Ellie Roebuck (born 23 September 1999) is an English professional footballer who plays as a goalkeeper for Women's Super League club Manchester City and the England national team. She has also represented England at youth level.

Club career
Roebuck started her career at Sheffield United's centre of excellence, before leaving to join Manchester City, aged 15.

In January 2018, Roebuck signed her first professional contract with Manchester City. A month later, she made her senior breakthrough from the development squad, due to an early injury to Karen Bardsley, keeping a clean sheet in a 0–0 league draw against Chelsea. On 23 May 2019, Roebuck, having been part of the side that won both the FA Cup and League Cup, extended her contract with Manchester City for another two years.

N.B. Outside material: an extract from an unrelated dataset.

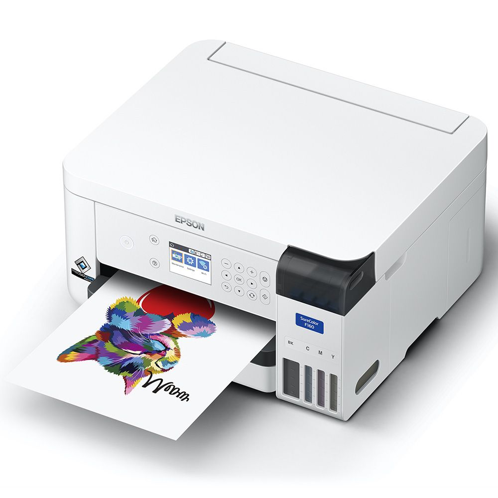 The SureColor F160 uses inexpensive ink and A4 sheet-based media. Ink ships in bottles and is loaded into a small tank system while paper is loaded via a tray. It features the latest Epson print head and image processing technology that work together with the ink to enable high quality imaging with fine gradation and a wide gamut. It is easy to operate and prints quickly. Output can be sublimated onto polyester fabric and substrates that will accept a polyester coating and have moderate heat tolerance. The printer can be used with a variety of low-cost 3rd party heat presses.

At the end of the 2019–20 season, Roebuck was awarded the inaugural Barclays FA WSL Golden Glove having kept ten clean sheets in 16 league appearances.

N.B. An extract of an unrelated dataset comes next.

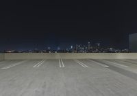 A view of a modern cityscape in the winter with a high-rise building, a highway entrance, a parking lot, and the horizon line above a marina.
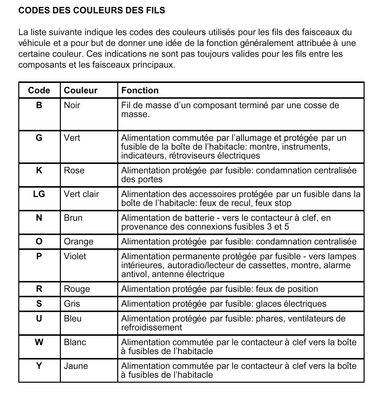 De plus, il y a les couleurs fondamentales chez land qui permettent en gros d'avoir une idée générale de l'utilisation d'un fil. Exemple noir toujours la masse heu... sauf pour la prise de remorque nouvelle norme :mrgreen: .

Roebuck missed much of the 2021–22 season with a calf injury, limiting her to 10 league appearances out of 22, her lowest since 2017. In addition she missed several international fixtures.

International career
Roebuck was part of the England squad that won bronze medal in the 2018 U20 World Cup in France, however, she was an unused substitute in all the fixtures.

In October 2018, England manager Phil Neville named Roebuck and Manchester City team-mate Georgia Stanway in his squad for the first time. Roebuck made her senior team debut as a 79th minute substitute for Mary Earps on 8 November 2018 against Austria. She made her first start, before being replaced by Earps at half time, in a 2–1 win against Spain on 9 April 2019.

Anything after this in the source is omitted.